Teaching fine art. I gained a teaching certification shortly before starting the business and intended to teach at the college/university level, but the business took off and I haven’t looked back.

What do you enjoy most about running Kettle Yarn Co.?
The business allows me to combine skills I previously thought a waste – my colour experience/obsession, aesthetic eye, organisational skills, love of numbers, graphics and web experience, project planning, even my attention to detail from my jewellery making skills are put into effect!

It is like all my past experiences are being brought into play for this venture and I love that.

Waterlily by Meghan Fernandes in Islington 'Pom'

Waterlily by Meghan Fernandes in Islington ‘Pom’

Kettle Yarn Co. really made a splash when your Islington ‘Pom’ was used in Meghan Fernandes’ beautiful Waterlily design – the cover project in Pom Pom Quarterly Issue 8. How hard it is to promote yourself as an indie dyer? What are some of the things you do?
It can be quite difficult because a lot of the time I feel I am working in a vacuum, at home by myself. Twitter and Instagram help me feel more connected to the rest of the world, and I regularly post quite silly things through the day!

Lately I’ve been focusing on collaborations with talented designers (like yourself!) and maintaining a regular blog, which keeps everyone up to date on my weekly adventures.

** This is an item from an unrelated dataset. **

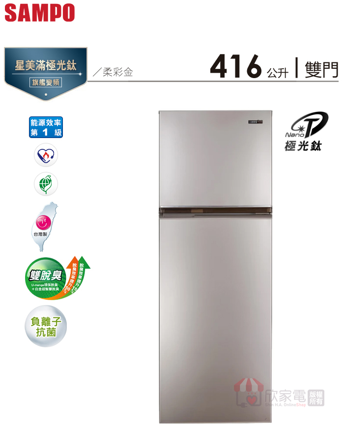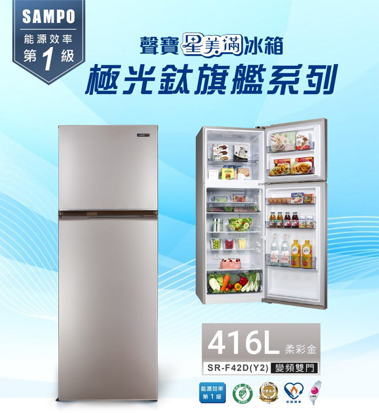 SAMPO 聲寶 416公升 星美滿極光鈦變頻雙門冰箱 -柔彩金

I’ve also created a Ravelry group and people can get previews for shop updates and get in on the latest promotions and giveaways by signing up to my mailing list.

How to choose? The glorious Kettle Yarn Co. yarns on display at Unravel.

How to choose? The glorious Kettle Yarn Co. yarns on display at Unravel.

Your stall at Unravel was beautiful and your photos on your website are always gorgeous too. Where can people find you this year if they want to squish your yarns in person?
Aw, thanks Louise! The next show I will be at is the I Knit Fandango in London – May 16th and 17th. Then I’ll be at Fibre East again the 25th-26th July. I am just waiting to hear back on a few more UK shows and will most them on the blog when I do!

Any other upcoming news you’d like to share? What’s next for Kettle Yarn Co.?
I’ve released my new colourways for 2015 in Islington – British BFL/silk – in the shop and will be carrying it in DK weight for the summer shows.

New spring 2015 colourways for Islington - now in a DK weight.

New spring 2015 colourways for Islington – now in a DK weight.

I’ve also just released all the new Beyul – yak/silk/merino – colours for the year.

New spring 2015 colourways for Beyul - a luscious yak/silk/merino blend.

New spring 2015 colourways for Beyul – a luscious yak/silk/merino blend.

I’ve got many exciting things planned in the next while – like a new exclusive Kettle Yarn Co. blend – but I can’t really divulge much at the moment. Sign up to the mailing list for first dibs on all the news!

Can’t wait to hear more details! Many thanks to Linda for taking the time to share with with us a little peek at the magic happening behind the Kettle Yarn Co. curtain!